VEINTICUATRO
VEINTICUATRO
Salieron a través de una puerta que se abría dentro de la chimenea del gran salón. Se encontraron con una pelea. Genevieve, con los ojos rojos y los afilados colmillos visibles, retrocedía en torno a la larga mesa, porque Zschokke, el mayordomo, la perseguía con una pica.
—Haz algo —sugirió Antonia.
Kloszowski no sabía qué hacer. No sabía si Genevieve se interponía o no entre él la fortuna de Udolpho. Tal vez su muerte lo acercaría un paso más a la posesión de aquellas riquezas, al cumplimiento de su destino.
Entró en la estancia.
—Soy Montoni —anunció—. ¡He regresado del mar para reclamar mis derechos de primogenitura!
Todos se detuvieron y lo miraron.
Él se erguía en toda su estatura, decidido a demostrar, mediante la prestancia, que era de verdad el legítimo heredero. Sus años de vagabundeo quedaron olvidados. Ahora estaba de regreso en el hogar y dispuesto a luchar por lo que era suyo…
—No —dijo otra voz—. Montoni soy yo, y he venido a reclamar mis derechos de primogenitura.
Era D’Amato, vestido como un ridículo bandido c6mico, con fajines, y armado con una espada que apenas podía levantar.
—¿Te has vuelto loco? —preguntó Antonia—. Primero eres un revolucionario, y ahora eres el heredero desaparecido.
—Acabo de recordarlo. Debo de haber sufrido amnesia, pero ahora lo recuerdo. Soy el verdadero Montoni.
D’Amato se sentía afrentado y agitó la espada.
—Jamás me birlarás mi herencia, cerdo. Ni mi tesoro. Es mío, ¿entiendes? Mío. Todas las monedas, las montañas de monedas. ¡Mías, mías, mías!
El comerciante era un demente patético.
La espada de D’Amato se bamboleaba en el aire. Kloszowski no tenía arma ninguna.
—¡Mías!, ¿me oyes? ¡Todas mías!
Antonia le entregó un atizador de un metro de largo rematado por un tridente. Kloszowski recordó cómo D’Amato había maltratado a su amada. Antonia era una princesa gitana vendida cuando era un bebé al brujo del agua, quien la había maltratado a diario. Kloszowski alzó el atizador, contra el cual chocó la espada de D’Amato.
—Resistíos, estúpidos —les gritó Genevieve—. Esto no es real, sino un hechizo del viejo Melmoth.
El comerciante lanzó un tajo salvaje, y Kloszowski apenas pudo evitar que lo alcanzara. Aferró el atizador con ambas manos y lo descargó sobre la cabeza de D’Amato, que cayó contra una pesada silla.
¡Muy bien por el usurpador!
D’Amato cayó hecho un ovillo.
—Es mío, todo mío —mascullaba—. Yo soy Montoni, el verdadero Montoni Udolpho…
Kloszowski atrajo a Antonia hacia sí rodeándole los agitados hombros con un brazo, y besó a la muchacha, a quien convertiría en señora de Udolpho.
—Montoni soy yo —dijo.
Los miró a todos y esperó a que lo aceptaran.
—¡N0! —rugió una voz que le resultaba familiar. La palabra flotó en el aire y resonó como un rayo—. ¡NO!
Había hablado Zschokke, quien, después de todo, no era mudo.
El mayordomo tenía la voz de un toro. Kloszowski había oído antes esa voz, antes de que cayera la noche, antes de que estallara la tormenta. Zschokke era el jefe de los bandidos que le habían robado los caballos al sacerdote de Morr. Tenía que haber adivinado desde el principio que Kloszowski iba disfrazado.

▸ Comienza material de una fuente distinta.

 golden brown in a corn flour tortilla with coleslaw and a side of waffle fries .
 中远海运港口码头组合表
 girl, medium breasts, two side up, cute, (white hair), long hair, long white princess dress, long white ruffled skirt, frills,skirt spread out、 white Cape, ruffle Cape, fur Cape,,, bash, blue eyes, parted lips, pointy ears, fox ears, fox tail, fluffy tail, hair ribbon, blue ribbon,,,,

—Yo soy el verdadero Montoni Udolpho —declaró.
Las armaduras vacías que se encontraban en hilera contra el muro del otro lado de la estancia, despertaron a la vida con las viseras levantadas.

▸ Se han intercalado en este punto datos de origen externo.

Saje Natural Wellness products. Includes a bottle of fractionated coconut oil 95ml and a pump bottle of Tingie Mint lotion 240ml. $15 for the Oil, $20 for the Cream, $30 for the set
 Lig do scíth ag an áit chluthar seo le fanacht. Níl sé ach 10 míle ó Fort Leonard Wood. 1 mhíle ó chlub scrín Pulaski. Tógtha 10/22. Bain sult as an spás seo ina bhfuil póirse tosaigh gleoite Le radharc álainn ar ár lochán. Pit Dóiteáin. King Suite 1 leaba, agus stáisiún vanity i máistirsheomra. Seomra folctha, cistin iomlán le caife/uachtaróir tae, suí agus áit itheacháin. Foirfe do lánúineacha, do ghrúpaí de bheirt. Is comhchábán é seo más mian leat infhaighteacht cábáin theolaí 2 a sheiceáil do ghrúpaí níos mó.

—Y éstos son mis leales servidores.
Se trataba de bandidos encallecidos, a muchos de los cuales les faltaba un ojo o la nariz.
—Esta casa y todo lo que hay en ella me pertenece por legítimo derecho.
Zschokke se dio un puñetazo en el pecho para conferir más fuerza a la afirmación. La punta de la pica apareció entre su cuello y una de sus clavículas, y lo ensartó hacia arriba Zschokke miró aquella cosa que sobresalía de su cuerpo y abrió la boca para proferir un ensordecedor alarido de furia.
Lo levantaron del piso como si fuera un juguete, y se deslizó a lo largo del asta de la pica mientras de su boca manaban goterones de sangre que le empapaban la cara. Detrás de Zschokke había un gigante con armadura que lo mantenía ensartado en su propia pica. Al gigante lo acompañaba Christabel, vestida de novia con una cola y un velo blancos y apolillados. Kloszowski se quedó atónito.